A partir da nova abordagem o jornal reafirmou o seu comprometimento com a verdade e com a informação factual e também a sua disponibilidade em promover o conhecimento indispensável para uma participação cidadã plena. Coincidentemente é o que hoje em plena crise das democracias se espera de um papel renovado da imprensa na defesa das instituições e dos direitos fundamentais e na luta contra realidades alternativas e contra os promotores da pós-verdade.
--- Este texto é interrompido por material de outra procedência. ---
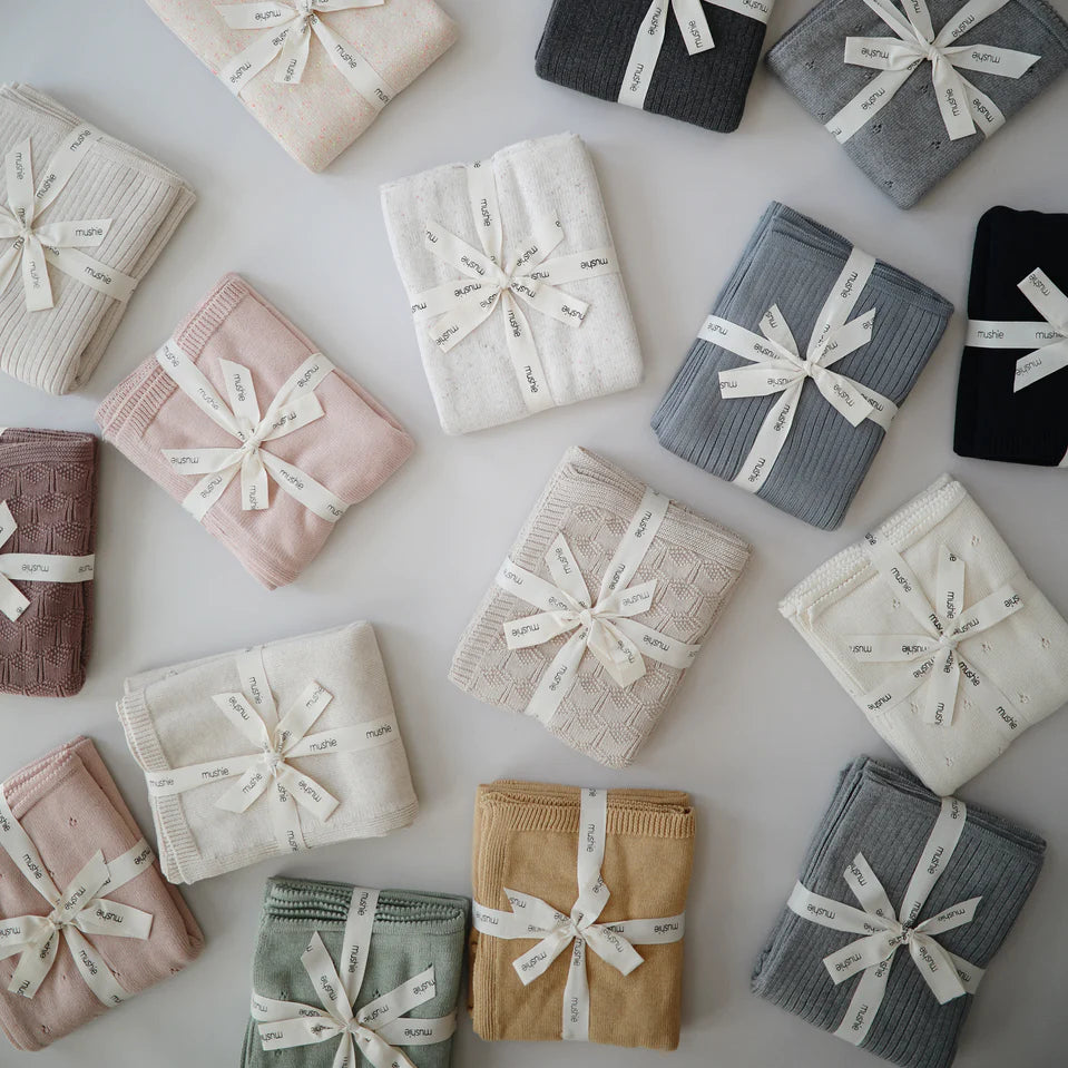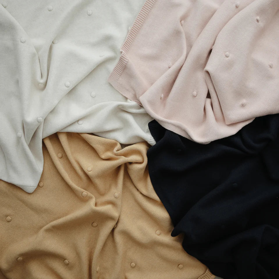 Keep baby warm and cozy in Mushie’s knitted baby blanket with gorgeous textured dots. Made from 100% organic cotton, this blanket is soft, versatile, warm & breathable, and perfect for all types of weather. The dots add texture and style, making it a great addition to your nursery.

Neste número 1000 celebra-se essa caminhada e renova-se a vontade de a prosseguir com firmeza.
Saudamos todos os colaboradores do Expresso das Ilhas pela contribuição ao jornal ao longo de todos estes árduos anos de colocar o jornal nas bancas com a qualidade e assiduidade esperadas pelos leitores e anunciantes.
O nosso apreço vai para todos os que com os seus artigos de opinião contribuíram para que o jornal fosse um espaço plural de debate político.
Os nossos agradecimentos aos patrocinadores das múltiplas iniciativas do Expresso da Ilhas na promoção da cultura cabo-verdiana s e aos anunciantes pela sua contribuição na sustentabilidade do jornal como uma voz interventiva no espaço público do país.
Um muito obrigado ao parceiro especial que é a Tipografia Santos que todas as quartas-feiras com mais uma edição acabada de imprimir nos permite cumprir com os nossos leitores e anunciantes.
Humberto Cardoso
Texto originalmente publicado na edição impressa do Expresso das Ilhas nº 1000 de 27 de Janeiro de 2021.